In 1990, Nicola’s Roppongi lost over $700,000, the fifth year in a row Nick was in the red. By contrast, his wife had shown a profit of over $1 million in the Yokota operation alone, which she was running all by herself, and where the clientele was now 98 percent Japanese. It pained him greatly to admit it, but she was now worth far more than he. In fact, she had become one of the wealthiest women in Japan. Her Yokota interests amounted to $30 million, her Roppongi property worth nearly as much. She possessed five or six luxury golf club memberships, one of them valued at more than $500,000 and a million-dollar jewelry collection.
His wife told him that his present sorry state had come about because he failed to keep up with changing Japanese tastes. With Pizza Hut down the street, Domino’s starting the home delivery market, and Shakey’s operating branches all over town (serving eggplant and mushroom pizza made especially for the Japanese), he needed something different to compete.
You had to Japanize the product, his wife said, reciting the Japanese trade mantra. Nicola’s anchovy dressing was too strong for the Japanese palate. So was his sausage spice. Didn’t he know that Nihon Kotsu now served pizza with soy sauce? It was time that Nick started paying attention.
She herself had a tie-in with Tokyu, a major department store chain, for whom she supplied year-end holiday pizza with colorful pineapple and cherry toppings, as befitting the season. Nick said he had never seen anything so grotesque, but the department store people had been ecstatic and sales were terrific.
It was also an absolute must, she kept saying, to give o-chugen and o-seibo, summer and winter gifts, to business associates. She always did it. It was how she maintained and serviced business relationships in Japan and one reason why she kept ge
tting repeat department store orders. It was something that Nick had always stubbornly refused to grasp. But he could not continue to dismiss such important customs as bribes if he wanted to revitalize his business.
Nick listened as much as he could, then told her to shut up and mind her own business.
He was the one who had started Nicola’s. He had taught her everything she knew. Who was she to tell him how to do things?

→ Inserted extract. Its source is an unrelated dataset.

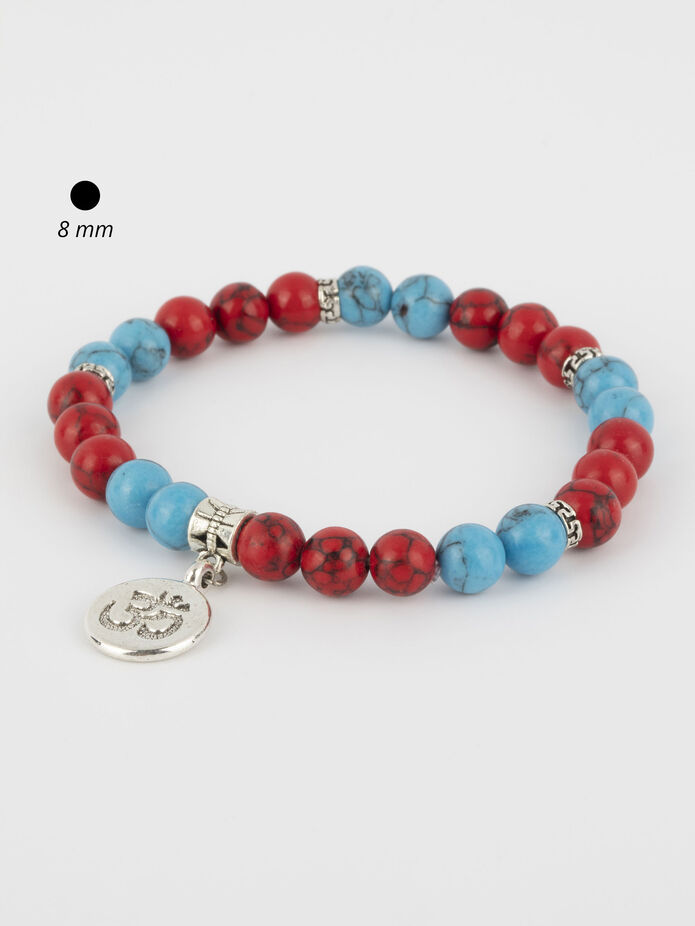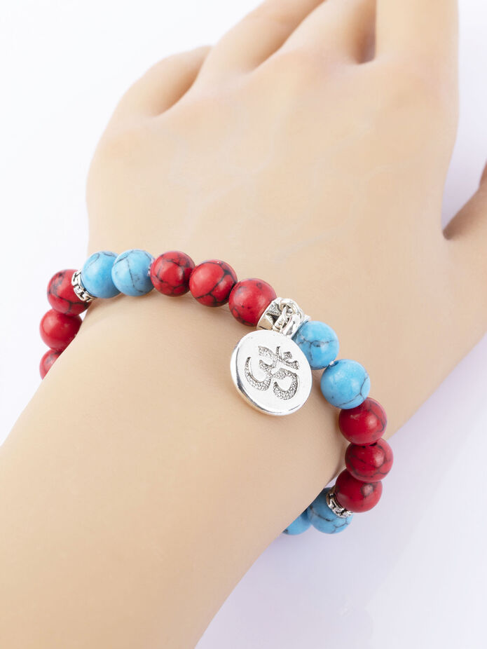 Exkluzivní náramek z korálků modrého a červeného barveného kamene s přívěskem ohm je skvělým doplňkem ke každému outfitu, perfektně doladí a podtrhne nevšední vzhled každé dámy či muže.

She replied that there was a limit to how Westernized Japan could become. The Japanese had accepted a massive infusion of bread and milk into their diets and adopted other radical changes into their daily lives in the wake of the Occupation. Would Americans ever tolerate a similar shift? Would they commit to a regimen of raw fish and rice every day? Would they start wearing kimonos instead of suits? The Japanese were flexible – a lot more so than the Americans, in her opinion. But there were limits, and it was time he learned that.
At the very least, she said, do something about the lighting and the music. Most Japanese people liked their restaurants brightly lit. They didn’t feel right eating in darkened rooms. They wanted to be able to see their food clearly as well as look at the faces of their dinner companions. And as for the music, it was much too soft. Japanese diners liked it louder. Everyone knew that.
He refused, and thus was the battle of the lights and music engaged. Growing ever more assertive and determined to help him turn things around in spite of himself, Yae would arrive at the Roppongi Crossing branch and turn the light rheostats all the way up. At the very first opportunity, Nick would turn them back down again. In the course of a two-hour meal, patrons might experience several levels of illumination. This continued for some time until finally, in exasperation, Nick put cloth covers over each individual lightbulb.